IGT Loses Lawsuit Involving UK National Lottery Bid Loss

Posted on: August 1, 2023, 08:18h. 

Last updated on: August 1, 2023, 08:18h.

International Game Technology (IGT) refuses to back down in its battle against the UK and the National Lottery, but despite its efforts, it has consistently lost. The global gambling technology company has tried multiple times to fight the UK’s decision to hand over the Lottery to Allwyn, but has been unsuccessful in each attempt.

A UK National Lottery sign hangs over a vendor's store
A UK National Lottery sign hangs over a vendor’s store. IGT has lost a lawsuit that challenged the decision to award the National Lottery license to Allwyn. (Image: Reuters)

Both Camelot UK and IGT, the parties behind the National Lottery, initially appealed against the UKGC’s selection of Allwyn as the fourth NL licensee in September 2021. While Camelot later withdrew its claim, IGT, as its technology partner, continued the fight.

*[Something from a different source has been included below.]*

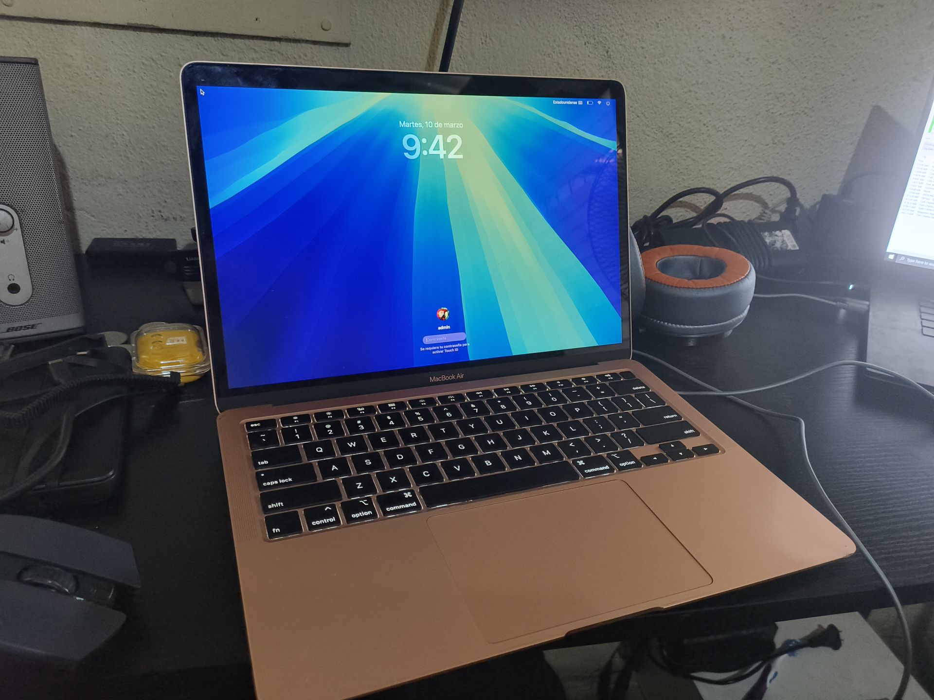 MacBook Air 2020 13" pink gold used good, Intel i7, 16gb ram, 256ssd, OS Sequoia 15.7.4 and Win 10pro on virtual machine with office Mac,adobe pdf on both sistem updated.

In a setback for IGT, the High Court of England and Wales has rejected its latest legal challenge. Following the court’s decision, the UK Gambling Commission (UKGC) has reiterated its commitment to ensuring a smooth transition, putting an end to another chapter of lottery litigation.

A Challenging Journey

In September 2022, the original accusations were dropped, and Camelot withdrew its claim against the UKGC. However, IGT persisted and filed another legal action against the Gaming Commission’s ruling in January 2023.

IGT took a different approach this time, accusing the regulator of human rights violations. The company argued that the turnover of the lottery cost them up to £600 million (US$713.52 million).

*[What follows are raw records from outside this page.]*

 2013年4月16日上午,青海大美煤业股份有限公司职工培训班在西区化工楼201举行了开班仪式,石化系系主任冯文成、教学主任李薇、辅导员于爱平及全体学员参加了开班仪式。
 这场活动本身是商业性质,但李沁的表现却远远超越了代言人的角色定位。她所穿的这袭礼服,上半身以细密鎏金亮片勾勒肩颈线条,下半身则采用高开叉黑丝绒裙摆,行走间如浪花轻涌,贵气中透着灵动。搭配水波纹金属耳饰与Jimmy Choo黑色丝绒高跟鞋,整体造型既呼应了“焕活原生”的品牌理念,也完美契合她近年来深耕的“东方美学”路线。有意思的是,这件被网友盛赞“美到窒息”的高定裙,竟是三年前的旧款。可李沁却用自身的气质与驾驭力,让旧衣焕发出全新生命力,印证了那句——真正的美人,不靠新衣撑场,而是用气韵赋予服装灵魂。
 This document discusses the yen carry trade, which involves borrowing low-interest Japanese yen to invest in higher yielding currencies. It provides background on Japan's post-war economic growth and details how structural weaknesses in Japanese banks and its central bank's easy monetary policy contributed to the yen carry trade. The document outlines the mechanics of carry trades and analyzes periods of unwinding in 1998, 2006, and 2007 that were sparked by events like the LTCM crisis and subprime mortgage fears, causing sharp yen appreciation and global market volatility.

Following the High Court’s decision, IGT’s second case has been dismissed. The justices ruled that the company lacked the necessary standing to take legal action against the UKGC. As a result, the case has been thrown out, denying IGT the opportunity to seek compensation for the harm it believes the decision caused.

Although this may not be the end of the legal issues surrounding the decision to award Allwyn control of the National Lottery, there is still another case involving The New Lottery Company (TNLC), a venture created by billionaire Richard Desmond specifically to compete for the license. TNLC has also contested the decision to grant Allwyn the license.

UKGC’s Commitment to Fairness

With several lottery lawsuits now resolved, the UKGC has reaffirmed its dedication to fair play in the tender process. The commission emphasized that its thorough investigation into the licensees was conducted diligently and in full compliance with legal regulations.

By granting the regulator the authority to appoint a capable operator and protect consumers’ interests, a balanced environment has been achieved. However, to maintain this level of professional oversight, the UKGC allegedly used £155 million (US$198.71 million) from lottery ticket sales to cover expenses.

Furthermore, the UKGC reiterated its commitment to efficiently manage the National Lottery. It promises to prioritize optimizing assistance to deserving causes and making a positive social impact through innovative fundraising endeavors.

In February of next year, Allwyn is set to take over the operation of the National Lottery for the next decade, officially concluding Camelot UK’s tenure. With the acquisition of Camelot Lottery Systems, Allwyn has successfully met all the necessary legal and regulatory requirements to assume control of the former operator.